El 16 de noviembre de 2024, un empleado de una gasolinera en Asturias cometió un error y llenó el depósito de un vehículo con la gasolina equivocada. Como no sabía qué hacer para solucionarlo, llamó a un compañero que estaba en su día de descanso. Este acudió a la estación de servicio y ayudó a resolver la situación: organizó el traslado del coche a un taller, acompañando al cliente, para que extrajeran el combustible e incluso llevó al dueño del auto a su casa, ya que los mecánicos tardarían varias horas en solucionarlo. Días después, el empleado solicitó a la empresa que le pagaran las horas extra que había hecho ese día, en el que no le tocaba trabajar... y ahí empezaron los problemas.
“He pasado 5 horas extras porque es el tiempo que he estado solucionando el problema.

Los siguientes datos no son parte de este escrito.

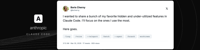 Boris Černi, kreator Claude Codea u Anthropicu, objavio je listu od 15 manje poznatih funkcija — od mobilne aplikacije i automatizovanih petlji do glasovnog unosa i prilagođenih agenata.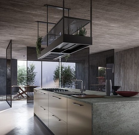 Сложная координация цветов и текстур лежит в основе этого проекта. Утонченный рисунок поверхности лакированных металлических шкафов Carbonio сочетается с элегантным деревянным шпоном Olmo, объединенным фигурными столешницами и двухцветными керамическими элементами Inalco различной толщины. Профили Grip с отделкой Titanio.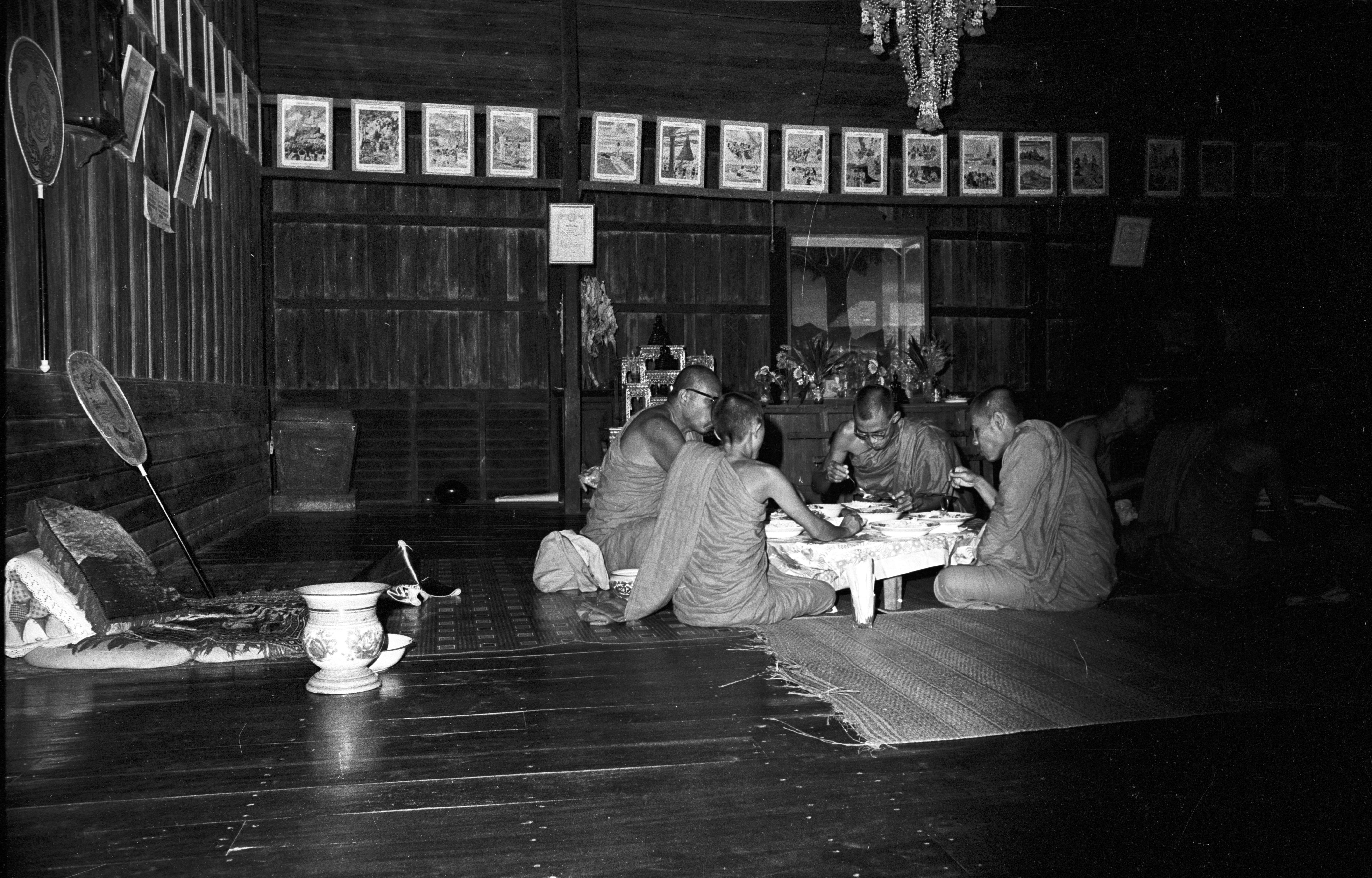 Wat Sitthimongkhon: salākhaphat ceremony; monks eating, 4 photos, one with Charles Keyes setting up tape recorder, Mae Hong Son Province, Thailand, September 1967

En 10 años, he pedido contadas veces las horas extra, a pesar de hacer innumerables veces horas de más, poner dinero de mi bolsillo y mirar por la estación como si fuera mía con el máximo respeto y educación”, le dijo a su jefe en un WhatsApp. Y añadió que “se me dice desde el Departamento Laboral que no están autorizados a pagarme las horas extras, que es mi responsabilidad como encargado. Si esto es realmente así, renuncio a mi puesto de encargado y al sueldo correspondiente”.
En los siguientes días, siguió reclamando esas cinco horas extra, y al final recibió una carta por parte de la empresa, en la que se le comunicaba su despido disciplinario, imputándole “faltas de desobediencia continuada, fraude, deslealtad, abuso de confianza, emisión maliciosa de informes erróneos”. El trabajador llevó el caso a los tribunales.
Y los jueces le han dado la razón. Ahora, el Tribunal Superior de Justicia de Asturias ha confirmado la decisión de la primera instancia, que declaró nulo el despido, por lo que el trabajador debe ser reincorporado a su puesto y recibir una indemnización.
Represalia frente a una protesta legítima
La Sala de lo Social del Tribunal Superior de Justicia de Asturias sostuvo que las pruebas no demostraron una falta suficiente para echar al empleado. La sentencia detalla que las reclamaciones del trabajador dirigidas a la empresa (por correo, WhatsApp y comunicaciones formales) motivaron la reacción empresarial. Entre la primera queja y el despido transcurrieron menos de dos semanas.
Para el tribunal, esto constituye “un indicio suficiente de represalia”, lo que activa la garantía de indemnidad. Esa figura protege a empleados frente a represalias empresariales, aun cuando la queja no llegue a los tribunales, con solo iniciar un reclamo dentro de la empresa.
La empresa no pudo demostrar que la salida respondiera a un motivo válido que fuera independiente del reclamo. Así, se mantiene como nulo el despido y se ratifican los efectos: reincorporación, pago de salarios atrasados y una indemnización de 7.501 euros. La sentencia se apoya en recientes criterios del Tribunal Supremo español, que ya había resuelto en fallos de 2024 que la simple presentación de reclamos internos —incluso sin trámite judicial iniciado— activa la protección contra represalias y puede invalidar despidos posteriores.